Clinton Township, Macomb Township
Proposed bond law hands taxpayers debt bill
Published December 21, 2012
CLINTON TOWNSHIP — While not as severe as its earlier version, a bill awaiting the governor’s signature still could mean a steep property tax increase throughout the next couple of years for residents living within heavily indebted school districts.
If signed, residents of the Chippewa Valley Schools district — one of about 60 school districts that would be affected by the bill’s passage — will see their property taxes go up next year. Further, they could see their tax bill increase by $200 within the next couple of years, according to the House Fiscal Agency.
The bill would revise the School Bond Qualification and Loan Program, a program that has been in existence since the 1960s. Through the program, school districts have been able to pay for large capital-improvement projects with bond money borrowed from the program’s revolving fund. The only stipulation was that the districts raise at least 7 mills from its residents to refund the state.
But at least 60 school districts are projected not to refund the program on time. Targeting those districts, the state Senate passed the original version of the bill largely based on the $143 million that CVS now owes the program. A wide range of critics from school superintendents to Republican lawmakers criticized that original version because it placed a $1.8 billion cap on the bond program, which HFA estimated would essentially close the program until 2040 because it estimates the program would not fall below that cap until that time.
Opponents also criticized the bill because, for residents living in one of the 60 districts, it called for a sudden increase in property taxes to meet that deadline.
CVS’ repayment date is 2040. But with the amount it collects annually from the 7.65 mills it levies for debt, it is not projected to pay the state back until 2058, according to HFA. The original bill would have increased the millage to about 10 mills next year, to meet the 2040 repayment date. That would have meant, for a house valued at $100,000, the household would pay an extra $275 a year in property taxes.
While no other school district owes nearly as much as CVS, the impact would have been harder on residents of behind-payment school districts with ever-decreasing house values.
“Some were probably going to hit 13 mills,” said Ben Gielczyk, a senior analyst from HFA.
The current bill, which passed in the House of Representatives and concurred in the Senate before landing on Gov. Rick Snyder’s desk, would peel back the $1.8 billion cap in 2016. Also, it would increase the millage on residents living within one of the 60 districts more gradually, but nonetheless, it would raise taxes.
Sen. John Pappageorge, R-Troy, the original author of the bond program bill, said he immediately supported the modifications made in the House.
“The whole time they were working on it, I was paying attention, and soon as it came over (to the Senate) I said ‘Pass it, guys,’” Pappageorge said. “The changes are necessary, and it softens the blow on Chippewa Valley, for example. They still will have to pay, but it won’t be as stark.”
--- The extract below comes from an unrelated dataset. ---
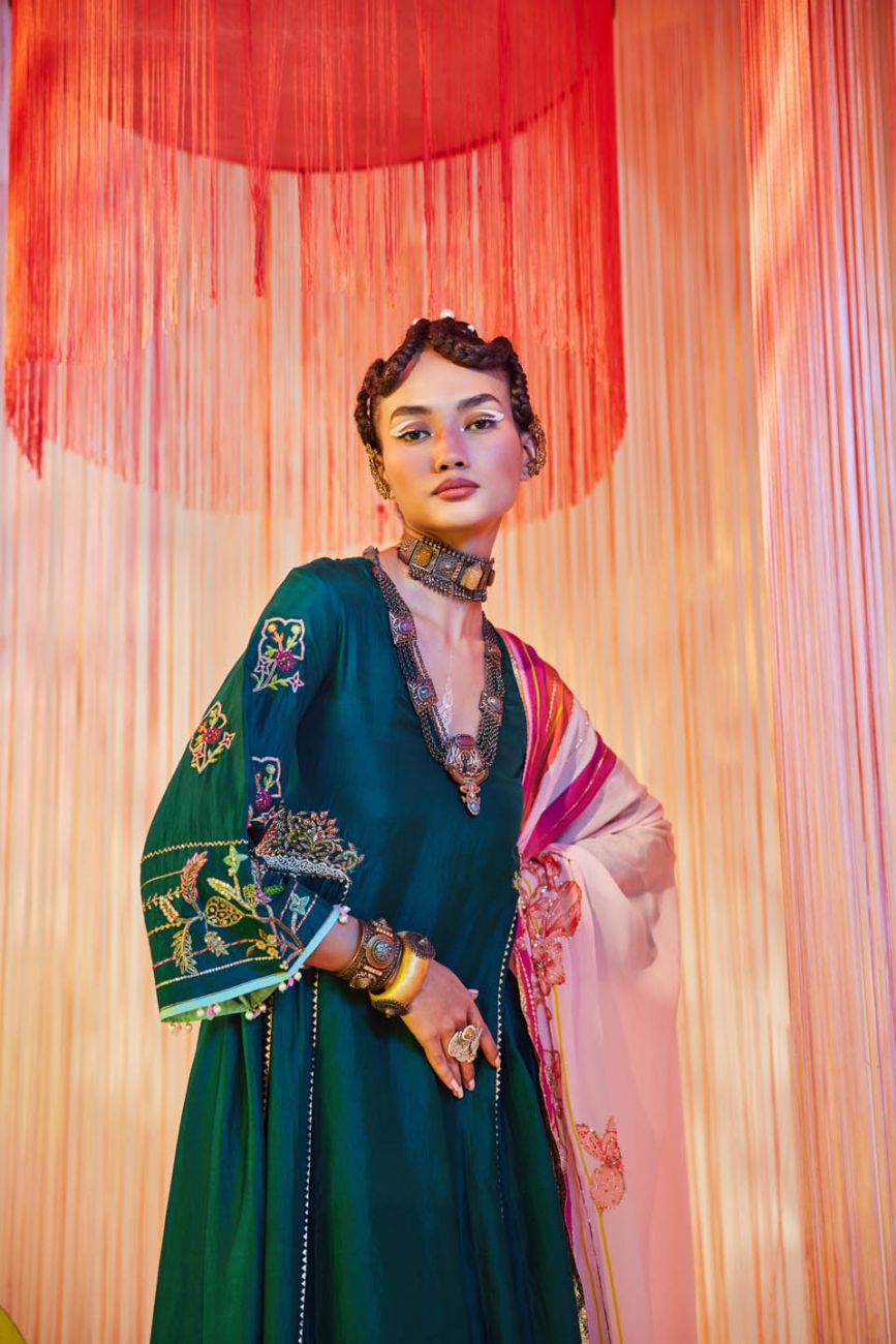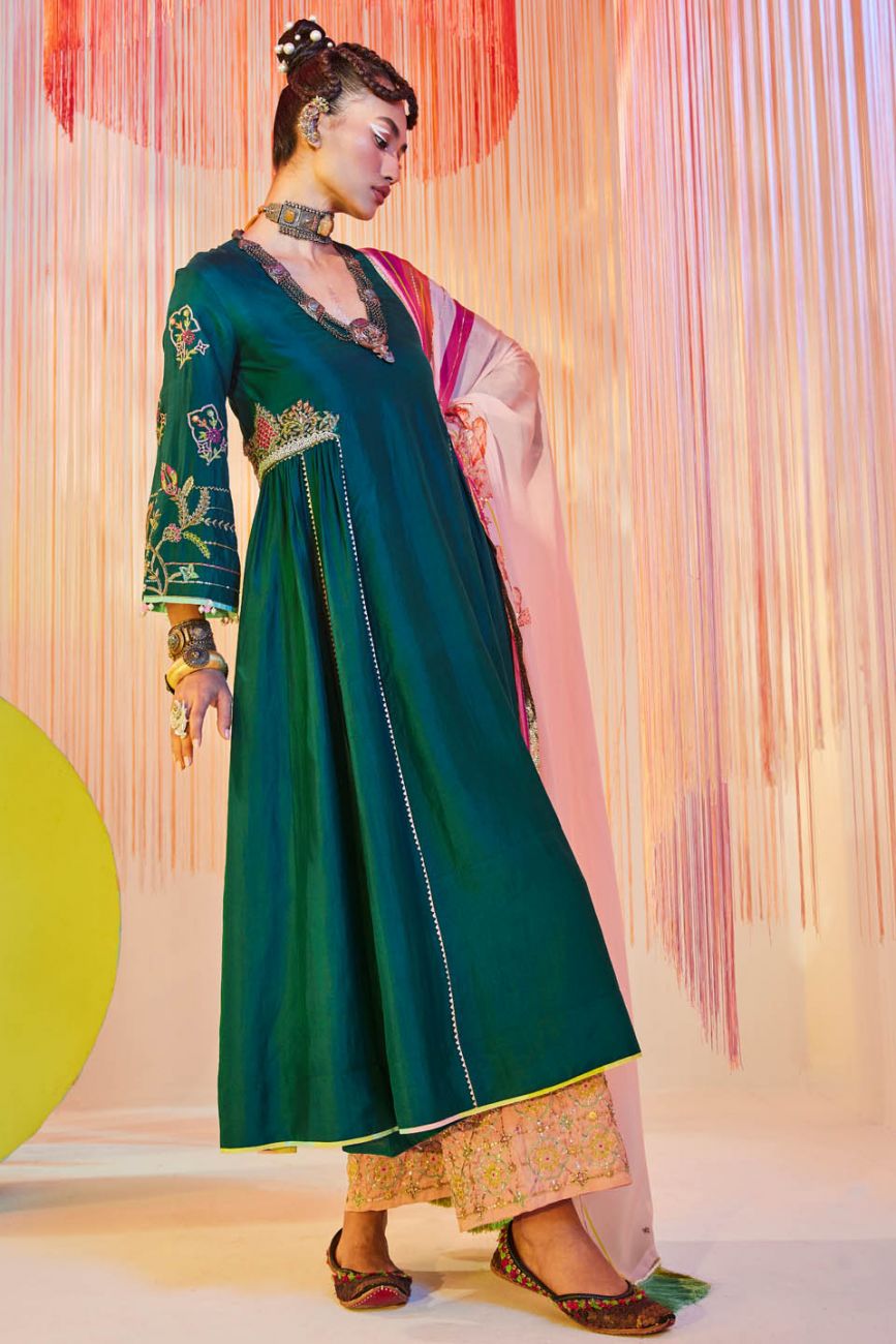 Teal Green silk kurta with hand embroidery on side kali and sleeves paired with nude pink hand embroidered palazzo. Along with Nude pink printed hand embroidered crepe dupatta with fringe detailing.

The millage increase in the bill is based on a formula suggested by CVS administrators.
CVS Superintendent Ronald Roberts said they requested that the formula be included in the bill so that it would have less impact on CVS residents.
The formula, according to the proposed bill, would take into account the percentage of decrease or increase of the district’s property values during the last five years.
“In the first year, whatever change occurred in taxable property value over the last five years, that change will be the (millage) increase in the first year,” Gielczyk said.
Essentially, the Department of Treasury will multiply the percentage of change by the district’s current millage to determine the increase limit.
In the following years, the formula will look only at property values of the previous year. If house values continued to decrease in that previous year, the millage increase for the next year would again be capped. If property values increased even slightly, the millage would jump that year to whatever rate is required for the district to pay back the state on time.
“The second it goes positive, that’s when it bumps up,” Gielczyk said.
As of print time, Snyder had not signed the bill, but Pappageorge believed it was only a matter of time, saying the governor was a supporter of the measure.
Because the degree of property tax increases will be based on future projections, the school district is not sure how the bill would affect its residents.
“I think, when January comes, we’ll really have a clearer picture of how this impacts Chippewa Valley,” Roberts said.